Джеффри захлопнул дверь перед лицом своего мучителя. Он упал в кресло и застыл, смотря и ничего не видя. Что могло случиться? Понемногу возвратилась к нему способность думать. Танака! Он видел маленького негодяя в автомобиле Яэ в Чузен-дзи. Он, наверное, приезжал шпионить за хозяином, как делал это пятьдесят раз прежде. Он и этот полукровный дьявол вернулись раньше его в Токио, опередили его и наплели Асако целую кучу лжи. Она, очевидно, поверила им, если уехала, но куда она уехала? Бой-сан говорил о двух японских женщинах. Она, наверно, поехала в дом Фудзинами, этих ужасных, грязных родных.
Надо найти ее сейчас же. Надо открыть ей глаза, пусть узнает правду. Он должен привезти ее обратно. Надо увезти ее совсем из Японии — навсегда.
Баррингтон проходил по зале отеля, говоря сам с собой, ничего не видя, ничего не слыша, как вдруг почувствовал прикосновение чьей-то руки к своей.
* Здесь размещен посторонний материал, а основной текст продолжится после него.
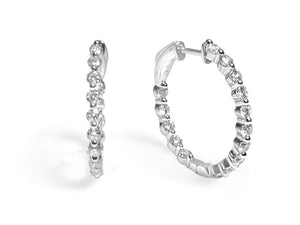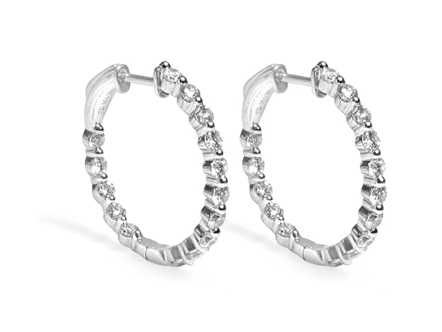 These round diamond hoop earrings have been given a stylish touch with elegant round cut diamonds placed inside and out. 18KT white gold hoop earrings are set with 1.56 carats in round diamonds . Every woman can always use a pair of classic diamond hoop earrings to add to their wardrobe. Accessorize with these hoop earrings for fun and casual looks, or formal occasions where you want focus to be on your outfit.

Это была Титина, французская горничная Асако.
— Мсье капитан, — сказала она, — мадам уехала. Это не моя вина, мсье капитан. Я говорила мадам, не уходите, подождите мсье. Но мадам околдована. Она, такая честная католичка, говорит молитвы в храмах этих желтых дьяволов. Я сама видела, как она хлопала руками — так! — и молилась. Святые покинули ее. Она околдована.
Титина была деревенской девушкой из Бретани. Втайне она верила в темные силы. Она уже давно решила, что боги японцев и корриганы[35] ее собственной страны тесно связаны между собой. Она служила Асако еще до ее свадьбы и хотела бы остаться с ней до смерти. Она была бесконечно преданна. Но последовать за своей госпожой в дом Фудзинами и рисковать спасением души она, конечно, не могла.
— Мсье капитан уехал; и мадам очень, очень несчастлива. Каждую ночь она плачет. Почему мсье оставался так долго?
— Всего две недели, — возразил Джеффри.
— Для первой разлуки это слишком долго, — сказала Титина авторитетно. — Каждую ночь мадам рыдает. И потом она пишет мсье и говорит: «Вернись!» Мсье пишет и говорит: «Еще нет!» Тогда у мадам разрывается сердце, и она говорит: «Это из-за какой-то женщины он остается так долго!» Она говорит так Танаке, и Танака говорит: «Я поеду узнаю и, когда возвращусь, расскажи мадам»; и мадам говорит: «Да, Танака может ехать, я хочу узнать правду». И еще больше она плачет и плачет. Сегодня утром, очень рано, Танака приходит с мадемуазель Смит и кузиной мадам. Они все говорят долго с мадам в спальне. Но меня отсылают вон. Потом мадам зовет меня. Она плачет и плачет. «Титина, — говорит она, — я ухожу. Мсье не любит меня теперь. Я ухожу в японский дом. Соберите мои вещи, Титина». Я говорю: «Нет, мадам, никогда. Я никогда не пойду в этот дом дьяволов. Что скажет мадам доброму исповеднику? Как сможет пойти мадам к святой мессе? Хочет ли мадам оставить мужа и идти к этим людям, которые молятся каменным зверям? Подождите мсье!» Я говорю: «Что Танака говорит — это ложь, всегда ложь. Что мадемуазель Смит говорит — все ложь». Но мадам говорит: «Нет, пойдем со мной, Титина!» Но я говорю опять: «Никогда!» — и мадам уходит, плача все время; и шестнадцать рикш полны багажа. О, мсье капитан, что мне делать?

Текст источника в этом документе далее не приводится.